* _Requirement_
In your copy of the data below, reproduce every entry exactly and omit the pictures.

====== Records for the task

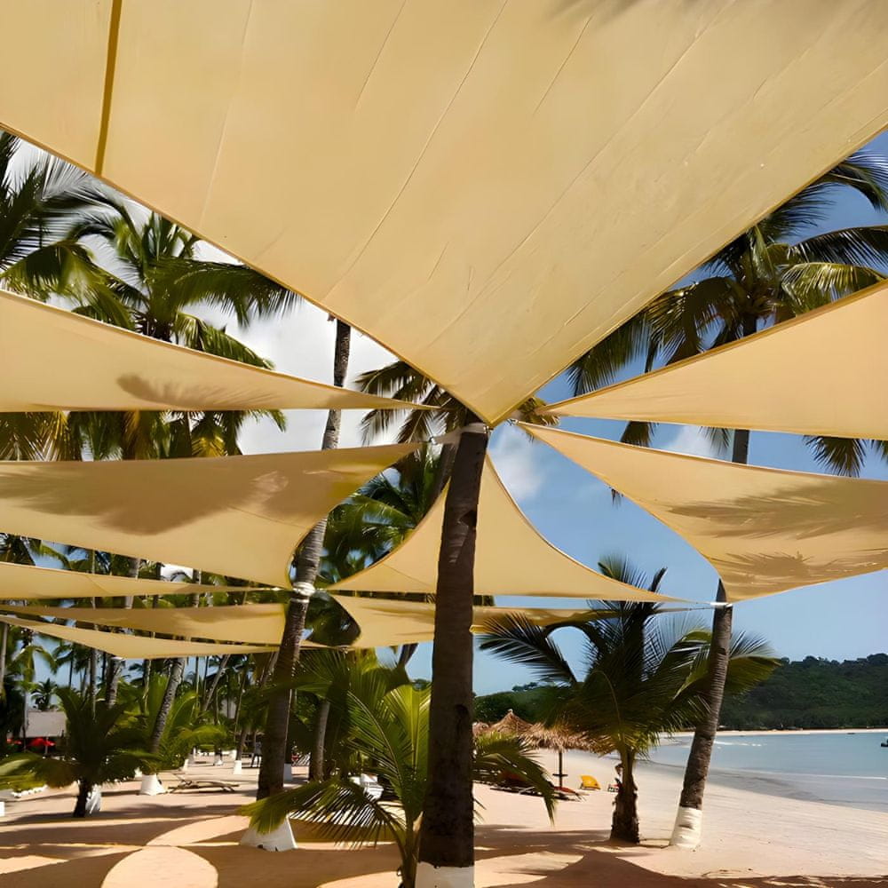 Odkrijte skrivnost naših senčnih jader, ki jih odlikuje edinstvena konkavna oblika. Ta enakomerno porazdeli pritisk po zunanjih vogalih, kar zagotavlja, da je tkanina popolnoma gladka, brez neželenih gub in povešenosti. Vsaka podrobnost šteje in naša jadra govorijo sama zase!
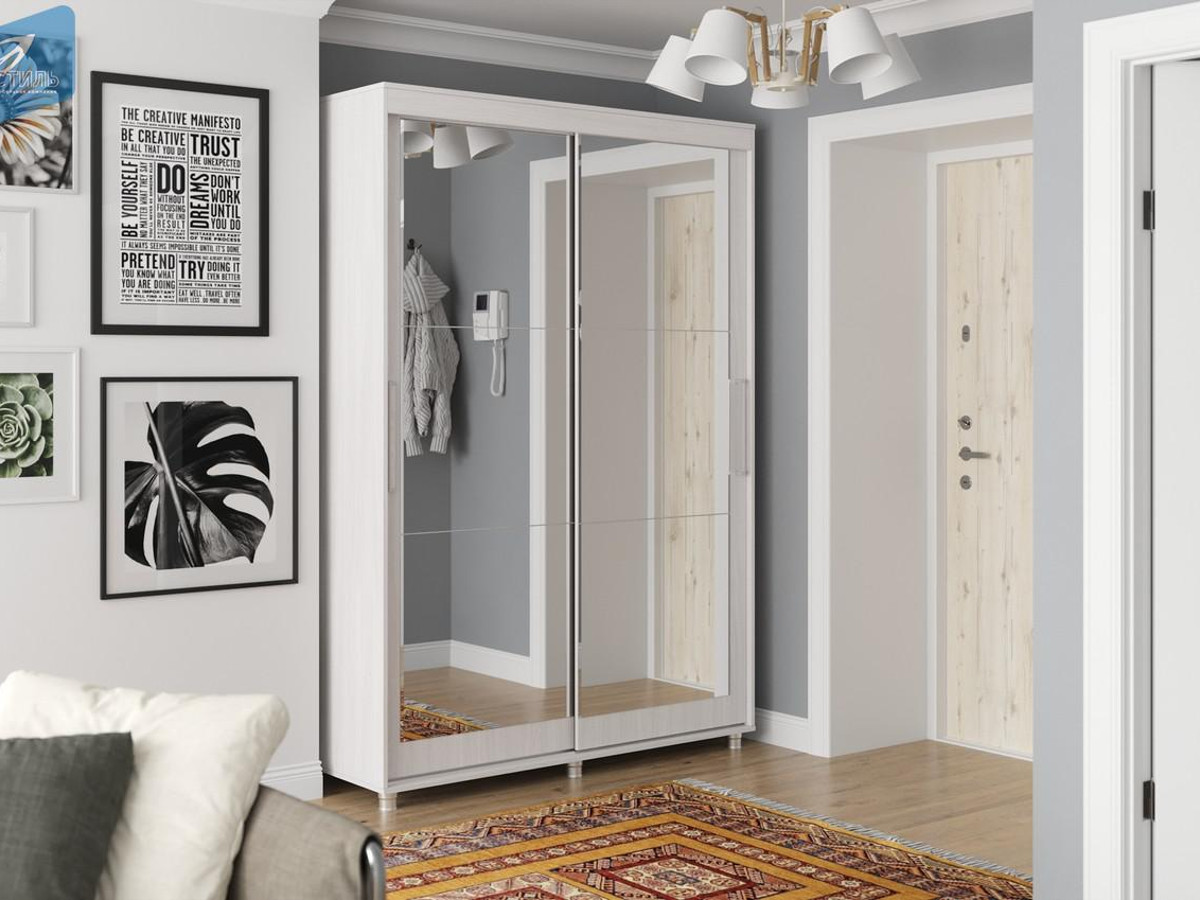 - Шкаф-купе Комфорт 12 Прайм c прямоугольным зеркалом 1500 ясень
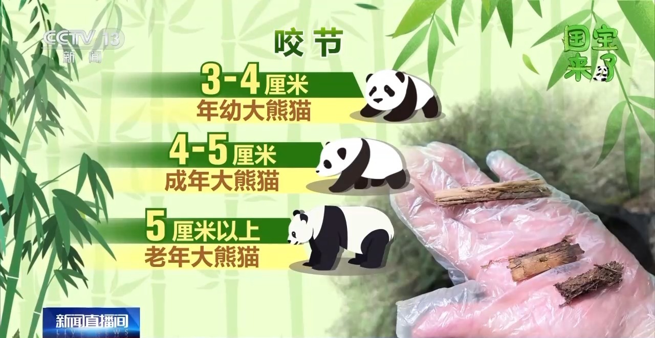 大熊猫的粪便里藏着什么秘密?答案是咬节。大熊猫吃竹子,咬下竹节,消化后排出粪便,其中通常残留有小竹节。不同年龄的大熊猫咬出的竹节长度、形状也各不相同。通过测量这些小竹节,就能判断大熊猫的个体特征。一般3厘米至4厘米的咬节可以判断是年幼大熊猫,4厘米至5厘米的为成年大熊猫,5厘米以上的为老年大熊猫。
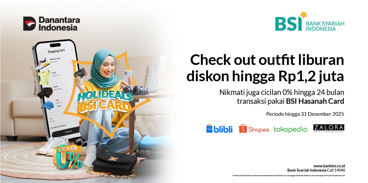 | Diskon hingga Rp 100 ribu dengan BSI Visa Debit Online | Debit Visa | Hingga 31 Desember 2025 |
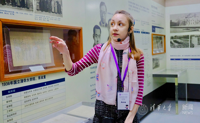 来自中文系本科四年级的俄罗斯籍进修生安娜 (Kuznetsova Anna)承担了本次校史馆讲解活动第二阶段的讲解工作,中文系专业在读的她对中国近代历史有着很一定的了解和很大的热情。安娜在本次讲解中主要负责介绍国立清华大学和西南联合大学阶段的校园历史,她详细地向大家阐述了艰苦战争环境下,清华学子不畏艰苦,勇于斗争,投身于抗日救国运动的先进事迹。清华师生在“一二·九”运动中的先锋作用令在场的国际新生们颇有感触。
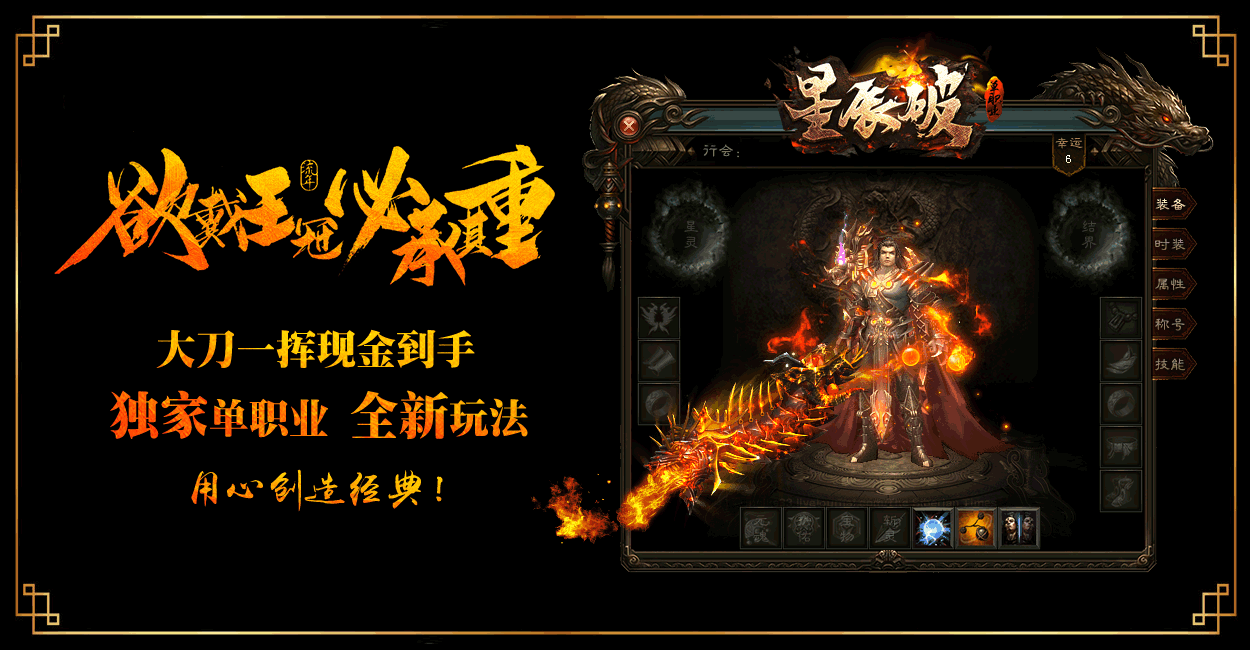 本游戏由 《星辰破》 独家运营 All rights reserved. 版权所有 用心缔造一个经典单职业传奇!
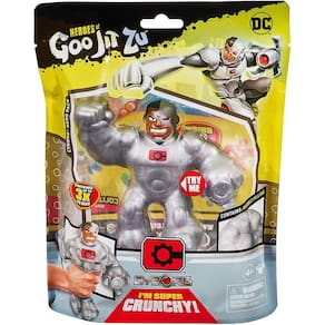 PRODUTO INTERNACIONAL. Procure pela mais nova figura de ação da Cyborg da linha Heróis de Goo Jit Zu! Agora, ele se tornou um Super Crunchy Hero, pronto para usar suas super-forças e seus poderes cibernéticos para lutar pelo que é certo. Com seu corpo cheio de gosma, você pode apertá-lo, esticá-lo e esmagá-lo sem se preocupar com bagunça
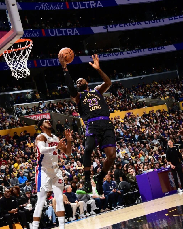 勒布朗用强势的身体对抗和超卓的速率冲垮了活塞。
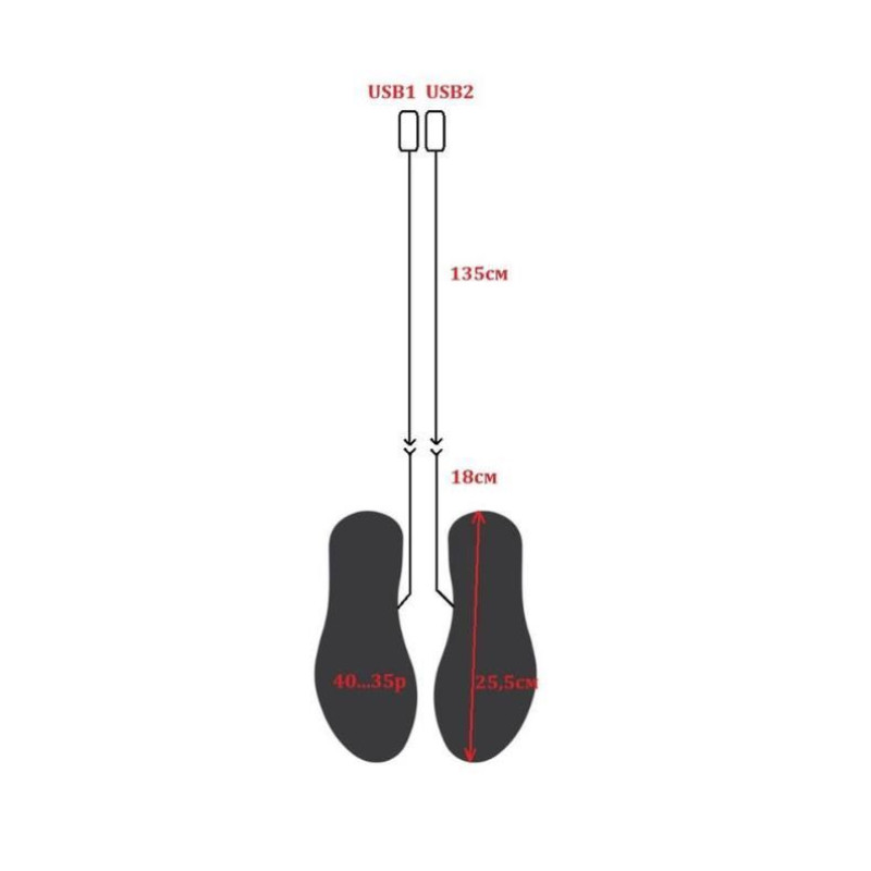 - Комплект: дві устілки 40 розміру з можливістю підрізки до 35 розміру, два окремих дроти USB.
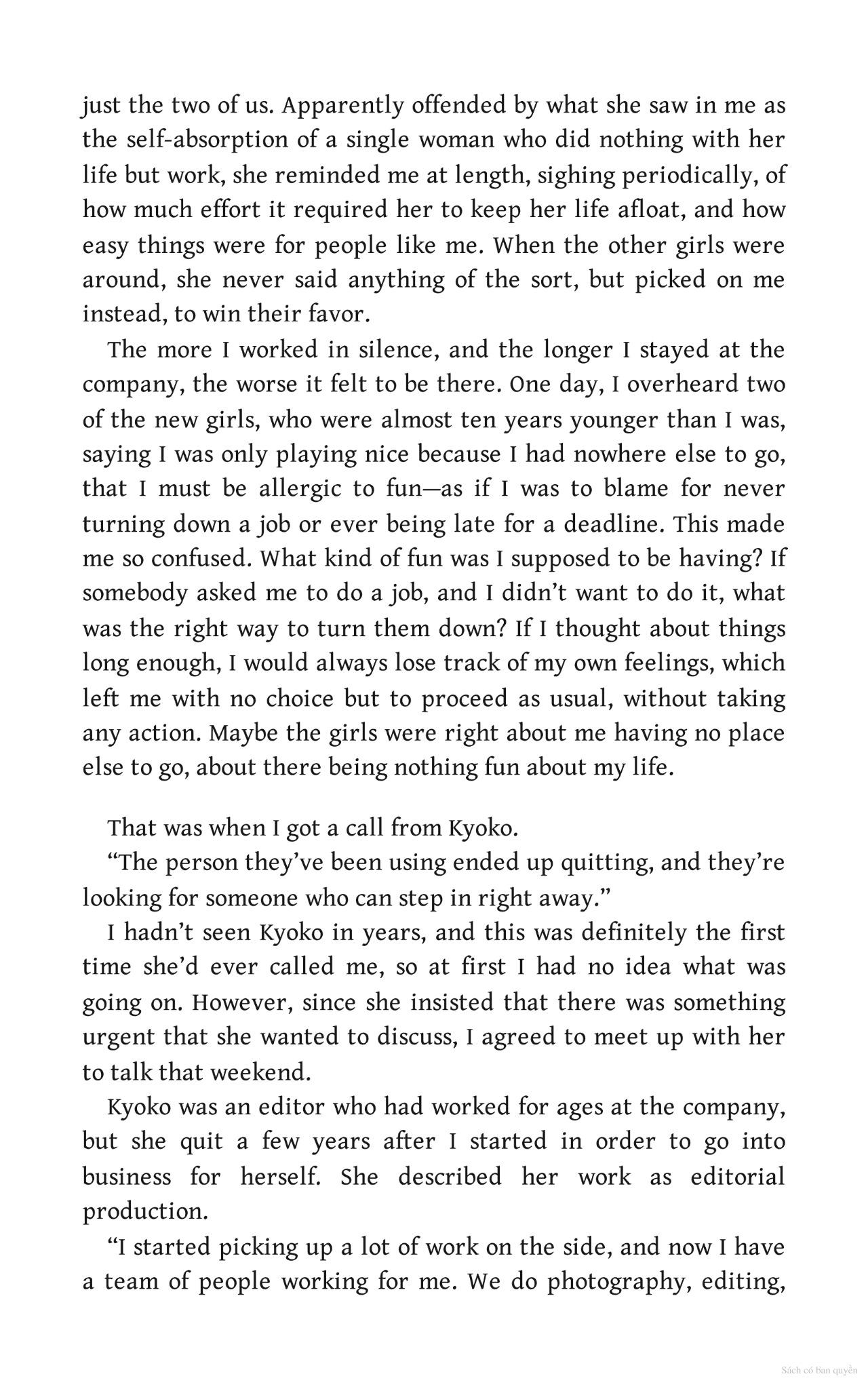 Fuyuko Irie is a freelance proofreader in her thirties. Living alone in an overwhelming city and unable to form meaningful relationships, she has little contact with anyone other than her colleague, Hijiri. But a chance encounter with a man named Mitsutsuka awakens something new in her. Through their weekly meetings, Fuyuko starts to see the world in a different light and still, painful memories from her past begin to resurface.
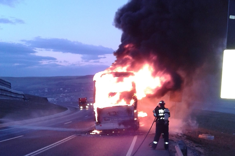 Un autocar a ars complet din cauza unui incendiu care s-a produs la partea electrică. Incidentul s-a petrecut pe centura Vâlcele – Apahida
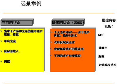 在評(píng)估當(dāng)前情況與遠(yuǎn)景,資源需求,癥結(jié),極限以及鋪就路標(biāo)和里程碑的關(guān)系時(shí),實(shí)施展望和差距分析會(huì)議是十分重要的。取決于你對(duì)CRM遠(yuǎn)景的定義——無(wú)論是它將成為一個(gè)能夠給你一把競(jìng)爭(zhēng)利刃的企業(yè)策略 (類(lèi)似的例子有Citicorp,Dell,F(xiàn)ord Motors) 或僅僅只是一個(gè)讓你更出眾的營(yíng)銷(xiāo)項(xiàng)目——這邁出的第一步在你選擇CRM方法論的過(guò)程中都必將起到舉足輕重的作用。一個(gè)核心的方法論必須能夠支持企業(yè)大部分的業(yè)務(wù)和流程需求,如MIS;客戶(hù)體驗(yàn)管理;接觸點(diǎn)管理;收益率管理等等。
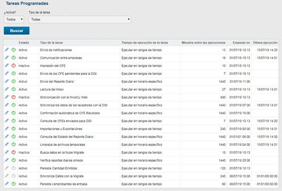 Hay varios tipos de tareas, que son: “Envío del notificaciones”, que envía los e-mails pendientes de las notificaciones del sistema; “Comunicación entre empresas”, que envía los CFE para la empresa receptora (tanto por correo electrónico como mediante servicio web); “Impresión del CFE”, que imprime los CFE enviados en caso de que la empresa tenga configurada la impresión automática de CFE de forma agendada; “Envío de los CFE pendientes para la DGI”, que envía los CFE pendientes a la DGI; y “Envío del Reporte Diario”, que genera y envía el reporte diario a la DGI automáticamente; “Lectura del Imbox”, que hace la lectura y importación de los comprobantes recibidos; “Sincronización con el InvoiCy Web”, hace la sincronización con la base del InvoiCy Web cuando es utilizado una base exclusiva o el servicio de hospedaje de Migrate para el InvoiCy Web; “Sincroniza los datos de los receptores con la DGI”, hace la sincronización de los datos de los receptores electrónicos y carga eses datos en InvoiCy; “Confirmación automatica de CFE Recibidos”, si puede configurar para que a cada X días, InvoiCy confirme todos los CFE recibidos que no fueran respondidos manualmente por el usuario; “Consulta de CFE enviados para DGI”, hace la consulta de los CFE enviados a DGI que aún no fueran autorizados; “Limpieza de Archivos Temporales” es una tarea que estará eliminando archivos no necesarios en las carpetas temporales del InvoiCy; “Comunicación con la Migrate”, es una tarefa de hace comunicación con la Nube Migrate para actualizar automáticamente el valor de la Cotización de UI y también actualiza el parámetro si DGI está ONLINE o OFFLINE.

============

* _Reply_
 Odkrijte skrivnost naših senčnih jader, ki jih odlikuje edinstvena konkavna oblika. Ta enakomerno porazdeli pritisk po zunanjih vogalih, kar zagotavlja, da je tkanina popolnoma gladka, brez neželenih gub in povešenosti. Vsaka podrobnost šteje in naša jadra govorijo sama zase!
 - Шкаф-купе Комфорт 12 Прайм c прямоугольным зеркалом 1500 ясень
 大熊猫的粪便里藏着什么秘密?答案是咬节。大熊猫吃竹子,咬下竹节,消化后排出粪便,其中通常残留有小竹节。不同年龄的大熊猫咬出的竹节长度、形状也各不相同。通过测量这些小竹节,就能判断大熊猫的个体特征。一般3厘米至4厘米的咬节可以判断是年幼大熊猫,4厘米至5厘米的为成年大熊猫,5厘米以上的为老年大熊猫。
 | Diskon hingga Rp 100 ribu dengan BSI Visa Debit Online | Debit Visa | Hingga 31 Desember 2025 |
 来自中文系本科四年级的俄罗斯籍进修生安娜 (Kuznetsova Anna)承担了本次校史馆讲解活动第二阶段的讲解工作,中文系专业在读的她对中国近代历史有着很一定的了解和很大的热情。安娜在本次讲解中主要负责介绍国立清华大学和西南联合大学阶段的校园历史,她详细地向大家阐述了艰苦战争环境下,清华学子不畏艰苦,勇于斗争,投身于抗日救国运动的先进事迹。清华师生在“一二·九”运动中的先锋作用令在场的国际新生们颇有感触。
 本游戏由 《星辰破》 独家运营 All rights reserved. 版权所有 用心缔造一个经典单职业传奇!
 PRODUTO INTERNACIONAL. Procure pela mais nova figura de ação da Cyborg da linha Heróis de Goo Jit Zu! Agora, ele se tornou um Super Crunchy Hero, pronto para usar suas super-forças e seus poderes cibernéticos para lutar pelo que é certo. Com seu corpo cheio de gosma, você pode apertá-lo, esticá-lo e esmagá-lo sem se preocupar com bagunça
 勒布朗用强势的身体对抗和超卓的速率冲垮了活塞。
 - Комплект: дві устілки 40 розміру з можливістю підрізки до 35 розміру, два окремих дроти USB.
 Fuyuko Irie is a freelance proofreader in her thirties. Living alone in an overwhelming city and unable to form meaningful relationships, she has little contact with anyone other than her colleague, Hijiri. But a chance encounter with a man named Mitsutsuka awakens something new in her. Through their weekly meetings, Fuyuko starts to see the world in a different light and still, painful memories from her past begin to resurface.
 Un autocar a ars complet din cauza unui incendiu care s-a produs la partea electrică. Incidentul s-a petrecut pe centura Vâlcele – Apahida
 在評(píng)估當(dāng)前情況與遠(yuǎn)景,資源需求,癥結(jié),極限以及鋪就路標(biāo)和里程碑的關(guān)系時(shí),實(shí)施展望和差距分析會(huì)議是十分重要的。取決于你對(duì)CRM遠(yuǎn)景的定義——無(wú)論是它將成為一個(gè)能夠給你一把競(jìng)爭(zhēng)利刃的企業(yè)策略 (類(lèi)似的例子有Citicorp,Dell,F(xiàn)ord Motors) 或僅僅只是一個(gè)讓你更出眾的營(yíng)銷(xiāo)項(xiàng)目——這邁出的第一步在你選擇CRM方法論的過(guò)程中都必將起到舉足輕重的作用。一個(gè)核心的方法論必須能夠支持企業(yè)大部分的業(yè)務(wù)和流程需求,如MIS;客戶(hù)體驗(yàn)管理;接觸點(diǎn)管理;收益率管理等等。
 Hay varios tipos de tareas, que son: “Envío del notificaciones”, que envía los e-mails pendientes de las notificaciones del sistema; “Comunicación entre empresas”, que envía los CFE para la empresa receptora (tanto por correo electrónico como mediante servicio web); “Impresión del CFE”, que imprime los CFE enviados en caso de que la empresa tenga configurada la impresión automática de CFE de forma agendada; “Envío de los CFE pendientes para la DGI”, que envía los CFE pendientes a la DGI; y “Envío del Reporte Diario”, que genera y envía el reporte diario a la DGI automáticamente; “Lectura del Imbox”, que hace la lectura y importación de los comprobantes recibidos; “Sincronización con el InvoiCy Web”, hace la sincronización con la base del InvoiCy Web cuando es utilizado una base exclusiva o el servicio de hospedaje de Migrate para el InvoiCy Web; “Sincroniza los datos de los receptores con la DGI”, hace la sincronización de los datos de los receptores electrónicos y carga eses datos en InvoiCy; “Confirmación automatica de CFE Recibidos”, si puede configurar para que a cada X días, InvoiCy confirme todos los CFE recibidos que no fueran respondidos manualmente por el usuario; “Consulta de CFE enviados para DGI”, hace la consulta de los CFE enviados a DGI que aún no fueran autorizados; “Limpieza de Archivos Temporales” es una tarea que estará eliminando archivos no necesarios en las carpetas temporales del InvoiCy; “Comunicación con la Migrate”, es una tarefa de hace comunicación con la Nube Migrate para actualizar automáticamente el valor de la Cotización de UI y también actualiza el parámetro si DGI está ONLINE o OFFLINE.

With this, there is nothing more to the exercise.